» Work instruction:
Nothing outside the range is wanted. Repeat exactly the lines below from the one with "Invitation Daisy 1st" through the one with "要讓面能夠充分吸收湯汁。5分".

» Source data:
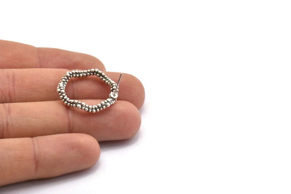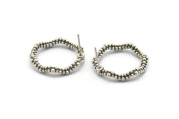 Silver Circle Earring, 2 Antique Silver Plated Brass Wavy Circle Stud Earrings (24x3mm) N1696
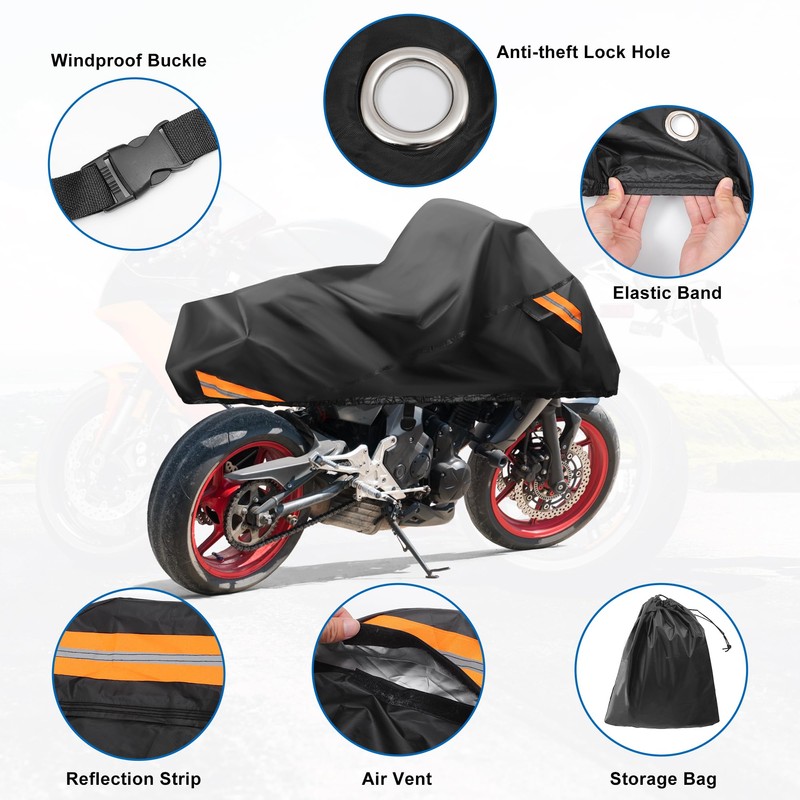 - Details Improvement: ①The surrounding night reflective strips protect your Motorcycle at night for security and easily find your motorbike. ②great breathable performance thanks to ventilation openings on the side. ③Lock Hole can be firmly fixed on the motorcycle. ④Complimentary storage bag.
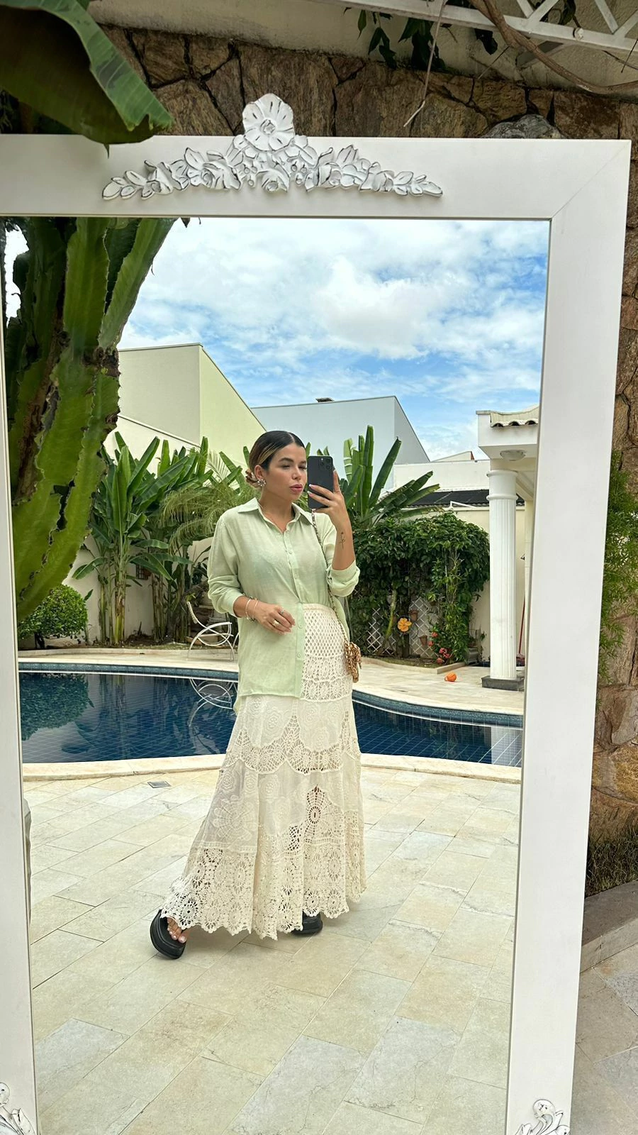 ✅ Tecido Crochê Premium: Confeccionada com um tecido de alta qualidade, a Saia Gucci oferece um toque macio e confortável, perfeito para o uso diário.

* * *

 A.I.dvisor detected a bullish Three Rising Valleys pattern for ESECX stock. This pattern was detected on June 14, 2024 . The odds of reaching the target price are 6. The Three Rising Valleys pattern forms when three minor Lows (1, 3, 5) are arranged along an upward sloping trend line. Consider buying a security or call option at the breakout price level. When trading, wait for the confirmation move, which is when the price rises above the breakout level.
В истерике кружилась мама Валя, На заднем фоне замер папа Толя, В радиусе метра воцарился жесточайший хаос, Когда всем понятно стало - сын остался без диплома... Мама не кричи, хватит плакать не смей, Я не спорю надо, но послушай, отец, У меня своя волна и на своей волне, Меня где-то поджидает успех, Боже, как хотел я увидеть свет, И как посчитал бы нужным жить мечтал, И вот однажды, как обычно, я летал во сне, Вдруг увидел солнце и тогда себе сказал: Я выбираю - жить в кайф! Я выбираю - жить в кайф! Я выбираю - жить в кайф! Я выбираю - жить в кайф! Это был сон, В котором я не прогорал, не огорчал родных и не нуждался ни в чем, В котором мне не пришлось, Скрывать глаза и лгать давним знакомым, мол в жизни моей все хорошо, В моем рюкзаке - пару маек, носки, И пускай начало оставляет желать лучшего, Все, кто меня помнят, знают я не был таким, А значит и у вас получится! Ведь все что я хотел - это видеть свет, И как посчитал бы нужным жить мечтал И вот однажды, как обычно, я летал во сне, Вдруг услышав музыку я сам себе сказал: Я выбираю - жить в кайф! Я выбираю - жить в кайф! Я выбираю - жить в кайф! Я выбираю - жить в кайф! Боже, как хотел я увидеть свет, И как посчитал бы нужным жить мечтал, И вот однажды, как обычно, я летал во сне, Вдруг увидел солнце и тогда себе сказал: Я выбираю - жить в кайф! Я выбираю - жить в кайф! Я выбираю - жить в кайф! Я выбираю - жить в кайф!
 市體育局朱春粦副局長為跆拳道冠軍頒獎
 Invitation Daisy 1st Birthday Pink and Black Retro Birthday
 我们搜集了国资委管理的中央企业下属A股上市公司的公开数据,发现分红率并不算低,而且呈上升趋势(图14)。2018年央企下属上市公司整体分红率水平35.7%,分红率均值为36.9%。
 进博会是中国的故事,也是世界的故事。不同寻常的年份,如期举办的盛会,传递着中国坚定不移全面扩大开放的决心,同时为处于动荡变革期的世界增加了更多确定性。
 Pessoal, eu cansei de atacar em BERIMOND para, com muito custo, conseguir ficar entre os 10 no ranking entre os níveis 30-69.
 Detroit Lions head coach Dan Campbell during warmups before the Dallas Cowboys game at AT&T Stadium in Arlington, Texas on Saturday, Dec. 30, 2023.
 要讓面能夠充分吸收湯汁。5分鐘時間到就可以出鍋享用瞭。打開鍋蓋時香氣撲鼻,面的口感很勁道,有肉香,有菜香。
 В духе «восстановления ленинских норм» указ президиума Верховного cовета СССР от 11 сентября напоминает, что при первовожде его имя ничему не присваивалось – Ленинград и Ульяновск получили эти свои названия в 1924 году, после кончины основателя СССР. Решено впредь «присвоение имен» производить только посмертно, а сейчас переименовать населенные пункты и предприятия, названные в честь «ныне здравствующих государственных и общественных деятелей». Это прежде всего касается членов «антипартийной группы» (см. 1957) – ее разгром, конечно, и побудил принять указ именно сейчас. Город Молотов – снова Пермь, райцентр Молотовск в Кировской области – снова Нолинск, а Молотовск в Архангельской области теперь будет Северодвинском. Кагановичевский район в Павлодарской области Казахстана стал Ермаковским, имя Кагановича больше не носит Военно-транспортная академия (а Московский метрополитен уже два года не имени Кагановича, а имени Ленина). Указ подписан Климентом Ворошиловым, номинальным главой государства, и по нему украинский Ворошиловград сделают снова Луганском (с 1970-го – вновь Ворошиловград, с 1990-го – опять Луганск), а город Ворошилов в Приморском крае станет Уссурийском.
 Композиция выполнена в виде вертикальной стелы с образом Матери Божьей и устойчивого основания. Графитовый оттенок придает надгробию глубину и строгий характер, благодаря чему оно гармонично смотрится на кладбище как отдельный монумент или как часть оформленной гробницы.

...

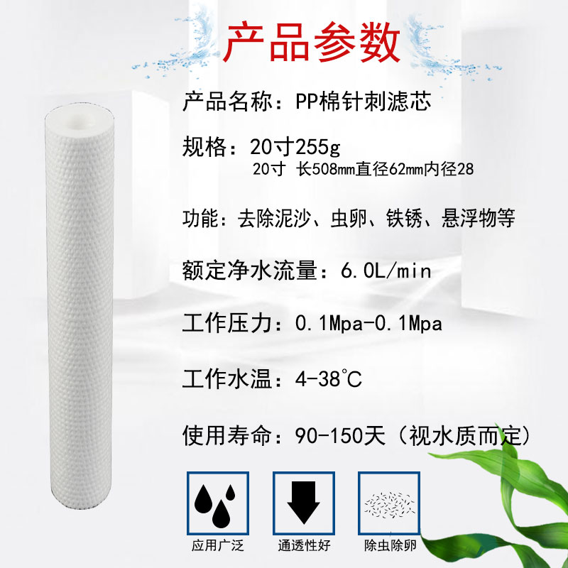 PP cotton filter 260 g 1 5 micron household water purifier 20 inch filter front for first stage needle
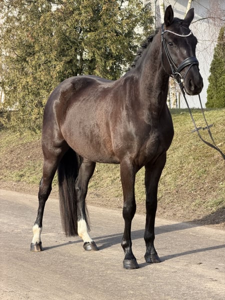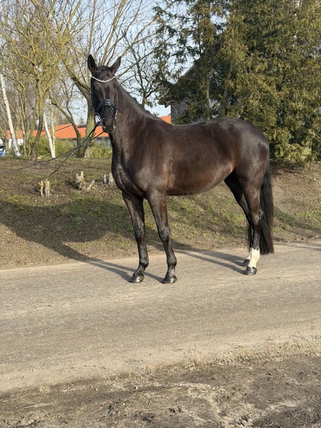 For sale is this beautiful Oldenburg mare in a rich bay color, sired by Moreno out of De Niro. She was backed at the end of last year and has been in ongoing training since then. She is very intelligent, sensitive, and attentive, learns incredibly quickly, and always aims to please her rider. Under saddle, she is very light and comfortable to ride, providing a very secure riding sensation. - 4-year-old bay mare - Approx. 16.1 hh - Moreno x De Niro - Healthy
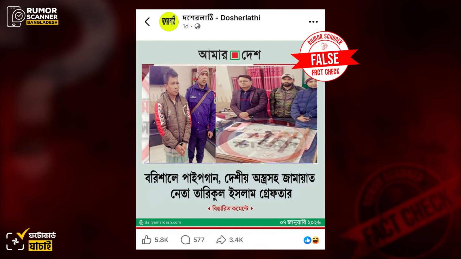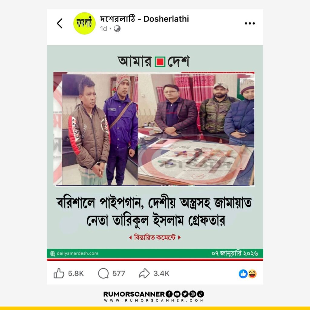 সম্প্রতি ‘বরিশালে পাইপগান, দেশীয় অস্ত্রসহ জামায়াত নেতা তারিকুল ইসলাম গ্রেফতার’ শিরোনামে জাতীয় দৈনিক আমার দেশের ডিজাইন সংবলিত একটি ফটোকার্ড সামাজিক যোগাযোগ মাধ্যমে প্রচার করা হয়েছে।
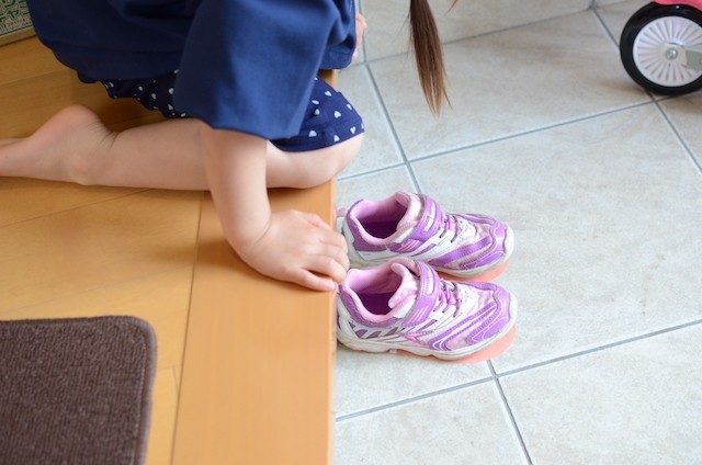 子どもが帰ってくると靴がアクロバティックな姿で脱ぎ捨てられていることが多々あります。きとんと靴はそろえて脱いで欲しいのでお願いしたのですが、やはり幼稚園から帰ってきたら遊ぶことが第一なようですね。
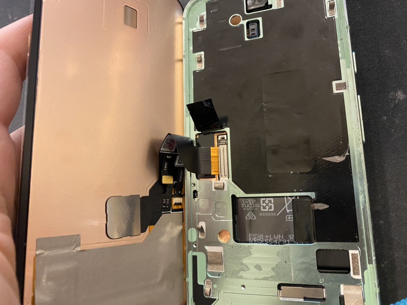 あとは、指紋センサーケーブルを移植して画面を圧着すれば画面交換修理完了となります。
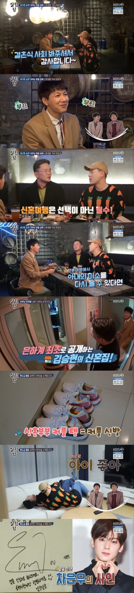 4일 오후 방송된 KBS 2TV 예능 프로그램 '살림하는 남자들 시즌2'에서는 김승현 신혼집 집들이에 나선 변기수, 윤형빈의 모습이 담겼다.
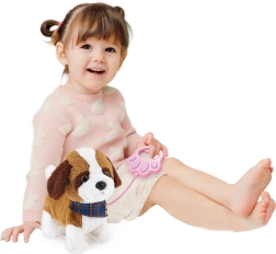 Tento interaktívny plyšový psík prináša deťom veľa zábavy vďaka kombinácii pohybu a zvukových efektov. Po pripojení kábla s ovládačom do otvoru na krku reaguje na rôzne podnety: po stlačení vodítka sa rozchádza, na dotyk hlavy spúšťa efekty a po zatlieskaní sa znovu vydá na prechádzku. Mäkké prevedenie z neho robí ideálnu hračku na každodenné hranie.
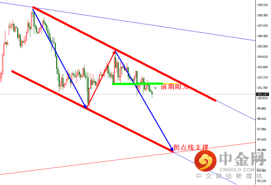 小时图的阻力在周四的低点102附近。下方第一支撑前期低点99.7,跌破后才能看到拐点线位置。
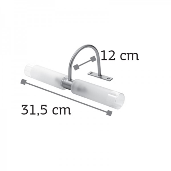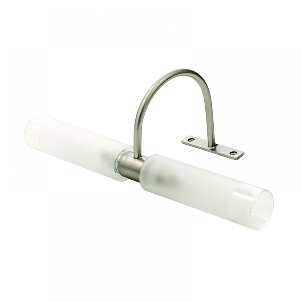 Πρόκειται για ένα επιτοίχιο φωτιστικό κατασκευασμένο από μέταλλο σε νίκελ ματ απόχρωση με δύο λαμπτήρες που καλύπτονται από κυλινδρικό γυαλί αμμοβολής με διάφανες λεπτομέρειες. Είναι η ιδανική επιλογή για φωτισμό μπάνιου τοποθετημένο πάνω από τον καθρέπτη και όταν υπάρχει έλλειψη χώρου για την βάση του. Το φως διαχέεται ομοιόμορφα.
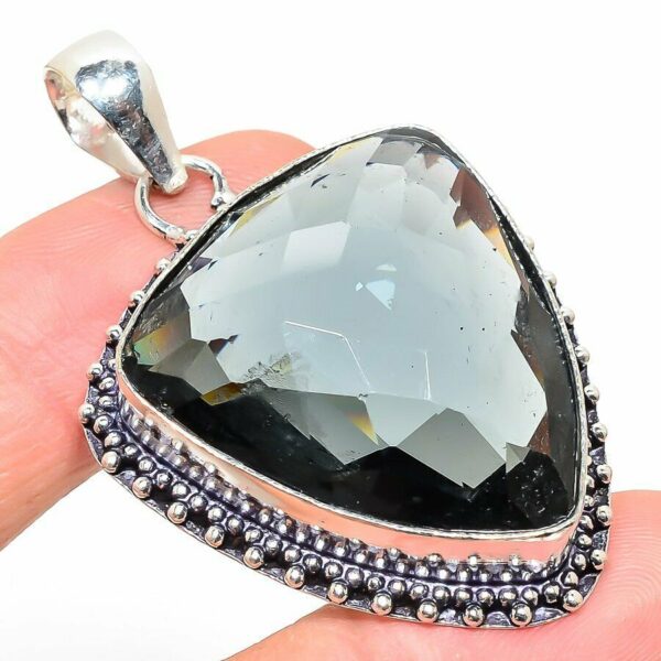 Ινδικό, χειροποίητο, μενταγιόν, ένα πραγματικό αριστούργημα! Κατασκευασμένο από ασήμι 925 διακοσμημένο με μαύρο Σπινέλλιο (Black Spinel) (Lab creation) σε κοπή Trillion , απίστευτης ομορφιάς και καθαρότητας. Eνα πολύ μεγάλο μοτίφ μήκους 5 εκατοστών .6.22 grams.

» Your response:
 Invitation Daisy 1st Birthday Pink and Black Retro Birthday
 我们搜集了国资委管理的中央企业下属A股上市公司的公开数据,发现分红率并不算低,而且呈上升趋势(图14)。2018年央企下属上市公司整体分红率水平35.7%,分红率均值为36.9%。
 进博会是中国的故事,也是世界的故事。不同寻常的年份,如期举办的盛会,传递着中国坚定不移全面扩大开放的决心,同时为处于动荡变革期的世界增加了更多确定性。
 Pessoal, eu cansei de atacar em BERIMOND para, com muito custo, conseguir ficar entre os 10 no ranking entre os níveis 30-69.
 Detroit Lions head coach Dan Campbell during warmups before the Dallas Cowboys game at AT&T Stadium in Arlington, Texas on Saturday, Dec. 30, 2023.
 要讓面能夠充分吸收湯汁。5分鐘時間到就可以出鍋享用瞭。打開鍋蓋時香氣撲鼻,面的口感很勁道,有肉香,有菜香。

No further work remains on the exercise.